:: Exercise requirements ::
Only one span is wanted from the lines below: from the one with "3.海礼欢颜大容量便携高颜值保温杯300ml*1(颜色随机) 4.亲肤睡眠眼罩*1(颜色随机) 5.海礼欢颜枫叶礼盒+同款礼袋" up to and including the one with "Dabei sieht auf". Copy it exactly, without images.

:: Supplied data ::
:::::

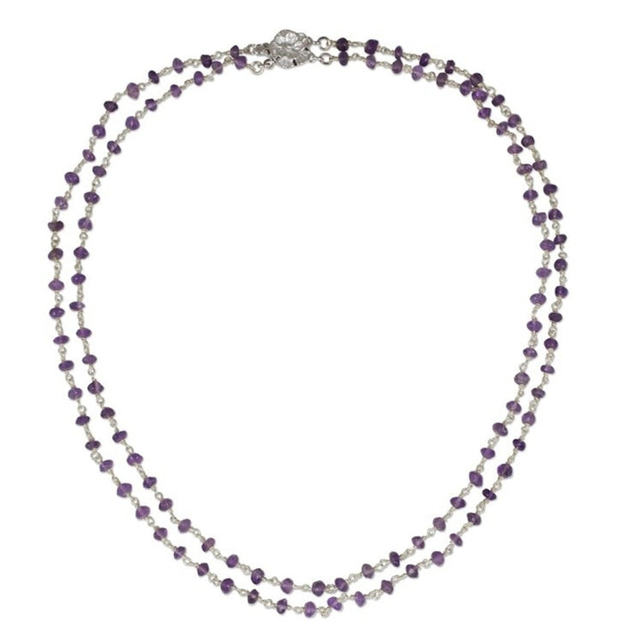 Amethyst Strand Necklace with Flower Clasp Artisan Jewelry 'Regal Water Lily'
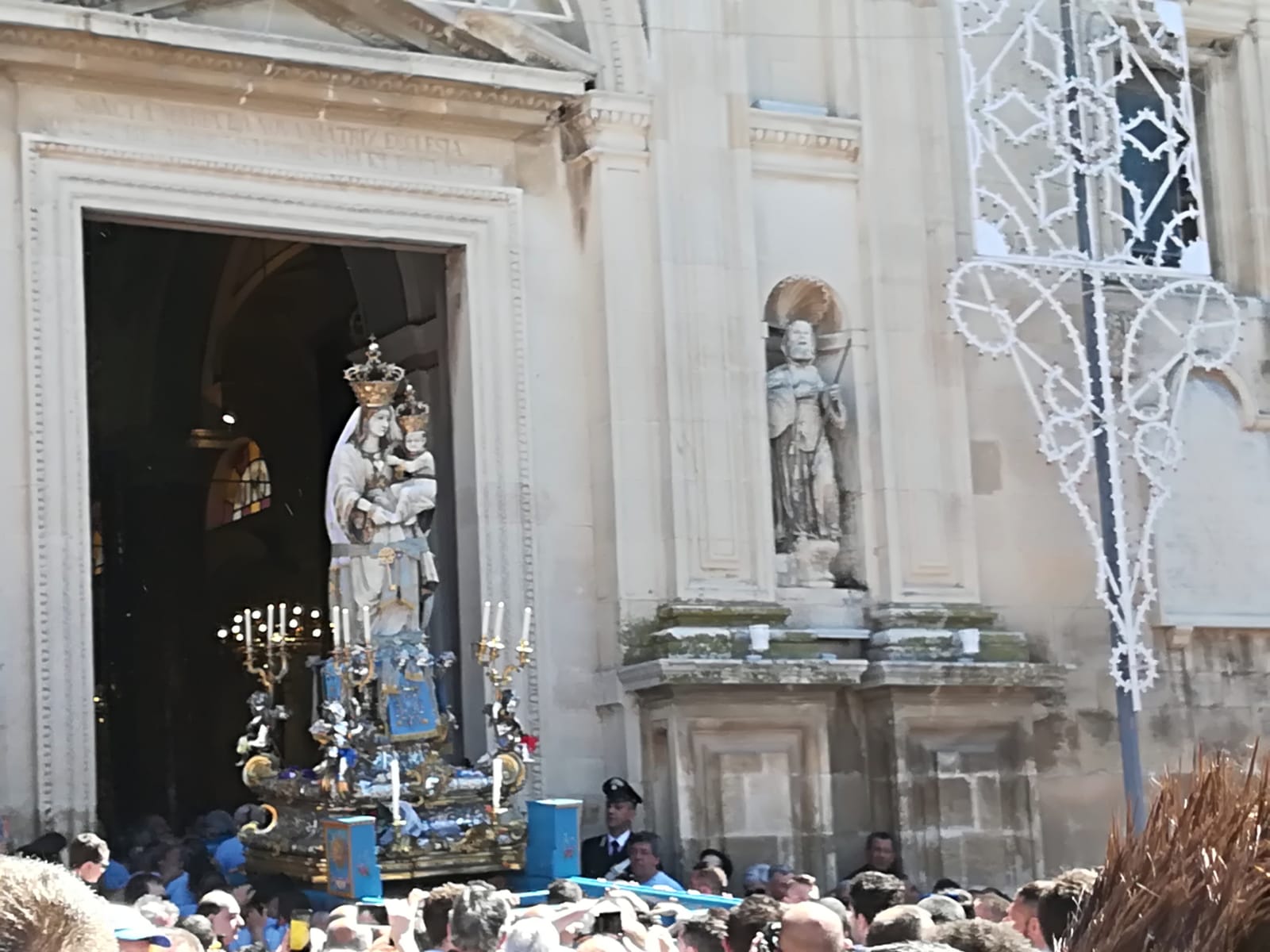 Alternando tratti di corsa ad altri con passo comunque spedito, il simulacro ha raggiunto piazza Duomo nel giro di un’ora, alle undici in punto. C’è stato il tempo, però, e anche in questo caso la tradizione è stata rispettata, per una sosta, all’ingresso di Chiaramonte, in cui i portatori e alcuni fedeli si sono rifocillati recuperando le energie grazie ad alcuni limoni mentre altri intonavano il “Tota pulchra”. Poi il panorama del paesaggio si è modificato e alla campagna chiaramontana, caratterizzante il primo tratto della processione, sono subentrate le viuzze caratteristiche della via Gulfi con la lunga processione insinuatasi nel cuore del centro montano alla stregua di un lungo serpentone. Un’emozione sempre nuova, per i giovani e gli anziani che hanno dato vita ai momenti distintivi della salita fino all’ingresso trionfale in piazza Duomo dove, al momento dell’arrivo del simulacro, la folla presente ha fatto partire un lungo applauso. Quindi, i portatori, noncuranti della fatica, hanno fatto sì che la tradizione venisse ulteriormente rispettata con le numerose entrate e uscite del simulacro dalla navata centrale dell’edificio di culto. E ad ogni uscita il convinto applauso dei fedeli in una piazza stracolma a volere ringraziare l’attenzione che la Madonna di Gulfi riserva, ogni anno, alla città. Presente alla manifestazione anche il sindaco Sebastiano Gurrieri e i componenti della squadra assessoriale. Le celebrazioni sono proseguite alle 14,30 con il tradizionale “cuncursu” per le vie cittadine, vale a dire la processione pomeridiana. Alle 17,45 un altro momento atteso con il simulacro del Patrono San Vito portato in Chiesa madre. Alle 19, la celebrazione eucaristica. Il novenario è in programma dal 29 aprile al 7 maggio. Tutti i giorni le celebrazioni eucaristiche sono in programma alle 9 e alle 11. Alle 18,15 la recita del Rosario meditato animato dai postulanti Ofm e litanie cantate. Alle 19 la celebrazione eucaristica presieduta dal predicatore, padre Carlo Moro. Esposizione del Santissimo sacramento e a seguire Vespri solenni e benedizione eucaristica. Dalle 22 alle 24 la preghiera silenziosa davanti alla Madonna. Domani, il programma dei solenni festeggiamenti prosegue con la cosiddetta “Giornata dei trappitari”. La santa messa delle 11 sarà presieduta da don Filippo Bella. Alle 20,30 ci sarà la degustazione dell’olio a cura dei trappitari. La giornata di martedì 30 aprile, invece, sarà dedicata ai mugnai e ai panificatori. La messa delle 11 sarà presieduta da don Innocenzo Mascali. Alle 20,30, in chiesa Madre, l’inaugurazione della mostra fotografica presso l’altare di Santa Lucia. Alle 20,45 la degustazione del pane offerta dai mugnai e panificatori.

:::::

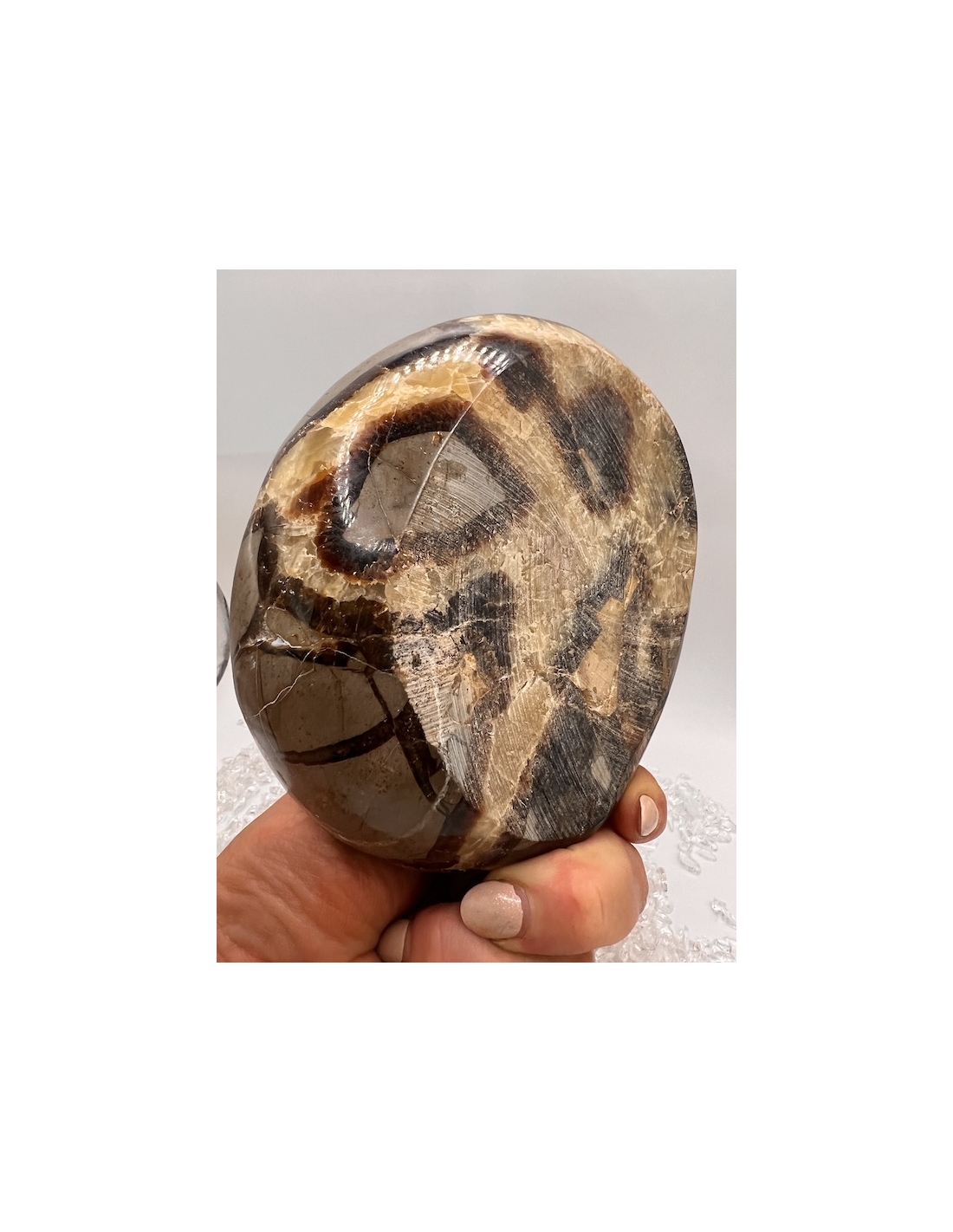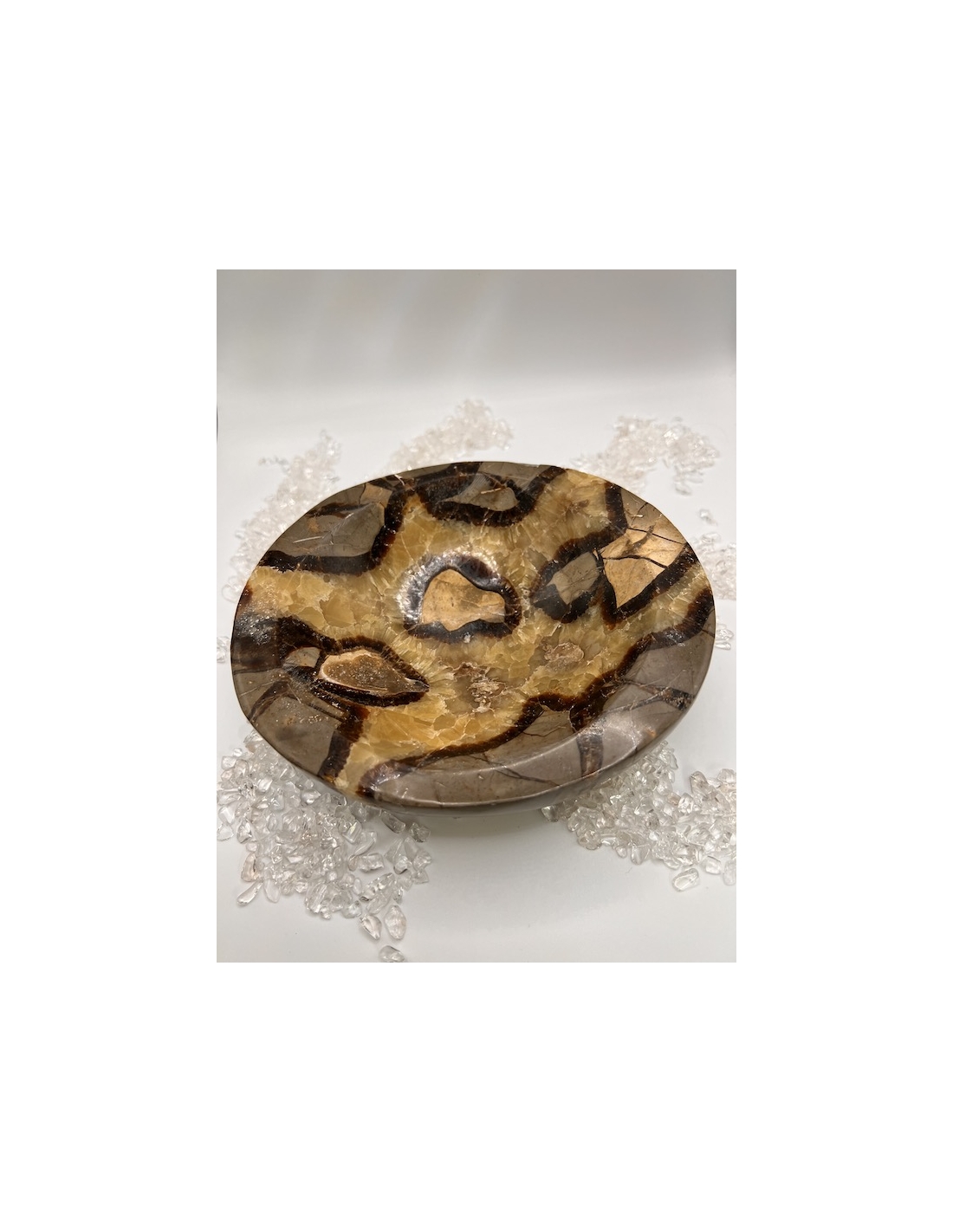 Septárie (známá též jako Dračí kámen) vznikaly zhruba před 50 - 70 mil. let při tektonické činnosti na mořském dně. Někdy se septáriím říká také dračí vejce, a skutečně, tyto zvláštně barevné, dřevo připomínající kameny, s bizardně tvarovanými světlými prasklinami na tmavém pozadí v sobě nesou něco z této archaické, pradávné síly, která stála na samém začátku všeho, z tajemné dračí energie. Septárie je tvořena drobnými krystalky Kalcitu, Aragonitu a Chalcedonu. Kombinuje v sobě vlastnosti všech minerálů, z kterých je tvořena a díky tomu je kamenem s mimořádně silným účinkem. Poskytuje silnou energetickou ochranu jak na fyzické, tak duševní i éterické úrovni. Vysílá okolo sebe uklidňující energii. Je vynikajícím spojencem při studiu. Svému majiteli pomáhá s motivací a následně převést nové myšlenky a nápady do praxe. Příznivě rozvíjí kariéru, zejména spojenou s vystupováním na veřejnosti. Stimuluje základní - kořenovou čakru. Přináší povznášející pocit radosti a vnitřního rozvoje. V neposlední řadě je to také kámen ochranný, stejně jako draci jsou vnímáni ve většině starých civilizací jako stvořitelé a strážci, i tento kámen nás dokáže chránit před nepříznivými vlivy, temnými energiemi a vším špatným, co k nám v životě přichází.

:::::

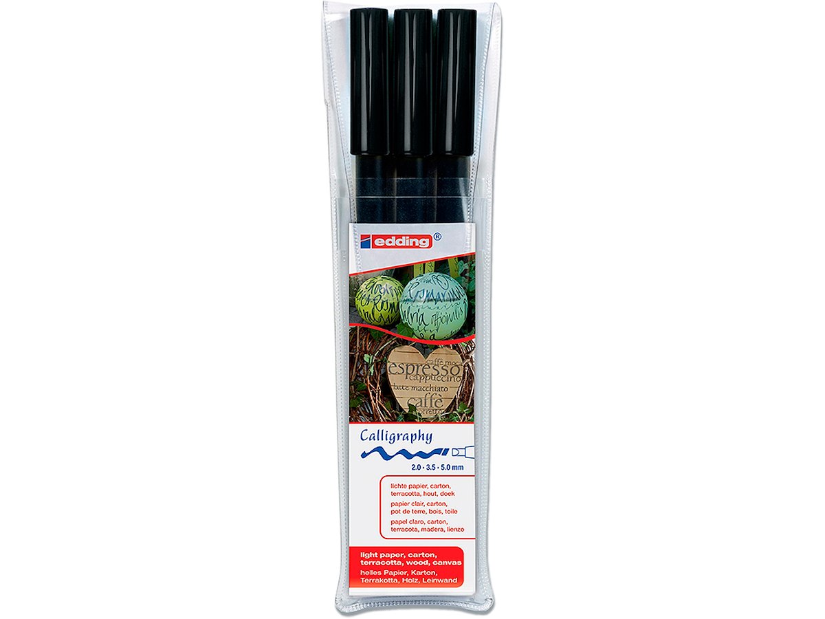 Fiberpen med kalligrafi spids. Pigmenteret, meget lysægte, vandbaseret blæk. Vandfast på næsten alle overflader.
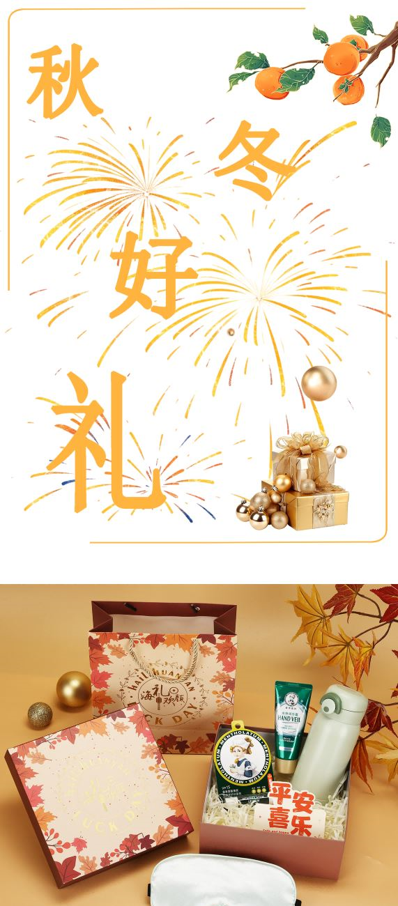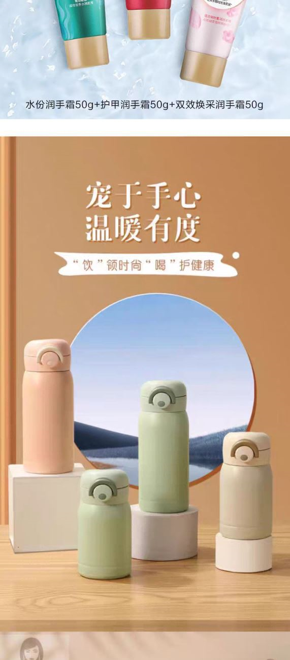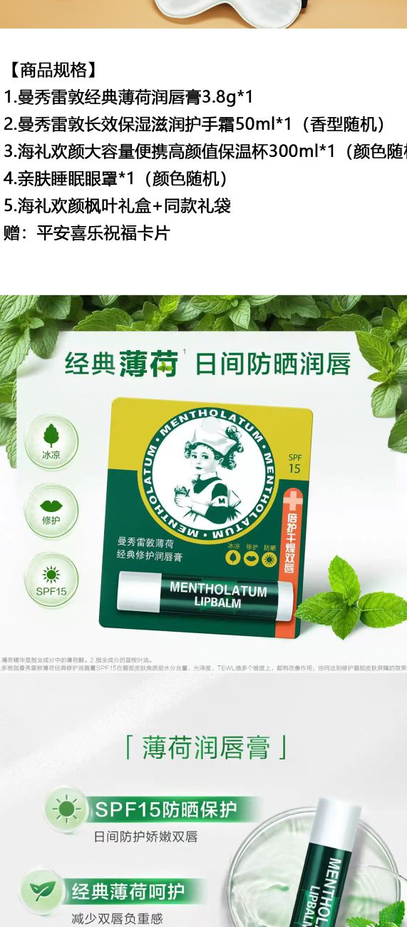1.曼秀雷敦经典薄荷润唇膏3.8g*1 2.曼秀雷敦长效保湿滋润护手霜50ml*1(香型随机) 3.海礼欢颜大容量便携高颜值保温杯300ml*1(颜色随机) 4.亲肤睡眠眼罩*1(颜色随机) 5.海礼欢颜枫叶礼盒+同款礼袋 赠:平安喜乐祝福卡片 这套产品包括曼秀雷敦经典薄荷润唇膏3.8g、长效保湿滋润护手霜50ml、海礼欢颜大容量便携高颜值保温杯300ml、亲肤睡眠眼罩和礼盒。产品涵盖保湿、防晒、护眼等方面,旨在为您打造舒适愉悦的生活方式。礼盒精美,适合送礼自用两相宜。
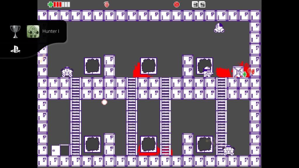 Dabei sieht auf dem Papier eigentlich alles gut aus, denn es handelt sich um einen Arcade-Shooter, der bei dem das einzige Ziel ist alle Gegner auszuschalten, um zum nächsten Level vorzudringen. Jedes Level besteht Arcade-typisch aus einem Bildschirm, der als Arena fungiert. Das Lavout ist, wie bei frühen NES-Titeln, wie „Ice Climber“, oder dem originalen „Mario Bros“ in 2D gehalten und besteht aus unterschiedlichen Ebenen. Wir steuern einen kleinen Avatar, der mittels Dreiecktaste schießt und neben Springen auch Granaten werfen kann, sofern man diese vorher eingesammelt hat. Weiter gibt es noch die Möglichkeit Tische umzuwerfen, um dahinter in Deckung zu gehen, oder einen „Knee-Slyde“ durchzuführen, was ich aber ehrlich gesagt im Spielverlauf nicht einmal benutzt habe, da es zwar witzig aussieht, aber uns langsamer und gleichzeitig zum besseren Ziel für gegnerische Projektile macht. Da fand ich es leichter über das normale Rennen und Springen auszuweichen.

:::::

:: Answer to this exercise ::
1.曼秀雷敦经典薄荷润唇膏3.8g*1 2.曼秀雷敦长效保湿滋润护手霜50ml*1(香型随机) 3.海礼欢颜大容量便携高颜值保温杯300ml*1(颜色随机) 4.亲肤睡眠眼罩*1(颜色随机) 5.海礼欢颜枫叶礼盒+同款礼袋 赠:平安喜乐祝福卡片 这套产品包括曼秀雷敦经典薄荷润唇膏3.8g、长效保湿滋润护手霜50ml、海礼欢颜大容量便携高颜值保温杯300ml、亲肤睡眠眼罩和礼盒。产品涵盖保湿、防晒、护眼等方面,旨在为您打造舒适愉悦的生活方式。礼盒精美,适合送礼自用两相宜。
 Dabei sieht auf dem Papier eigentlich alles gut aus, denn es handelt sich um einen Arcade-Shooter, der bei dem das einzige Ziel ist alle Gegner auszuschalten, um zum nächsten Level vorzudringen. Jedes Level besteht Arcade-typisch aus einem Bildschirm, der als Arena fungiert. Das Lavout ist, wie bei frühen NES-Titeln, wie „Ice Climber“, oder dem originalen „Mario Bros“ in 2D gehalten und besteht aus unterschiedlichen Ebenen. Wir steuern einen kleinen Avatar, der mittels Dreiecktaste schießt und neben Springen auch Granaten werfen kann, sofern man diese vorher eingesammelt hat. Weiter gibt es noch die Möglichkeit Tische umzuwerfen, um dahinter in Deckung zu gehen, oder einen „Knee-Slyde“ durchzuführen, was ich aber ehrlich gesagt im Spielverlauf nicht einmal benutzt habe, da es zwar witzig aussieht, aber uns langsamer und gleichzeitig zum besseren Ziel für gegnerische Projektile macht. Da fand ich es leichter über das normale Rennen und Springen auszuweichen.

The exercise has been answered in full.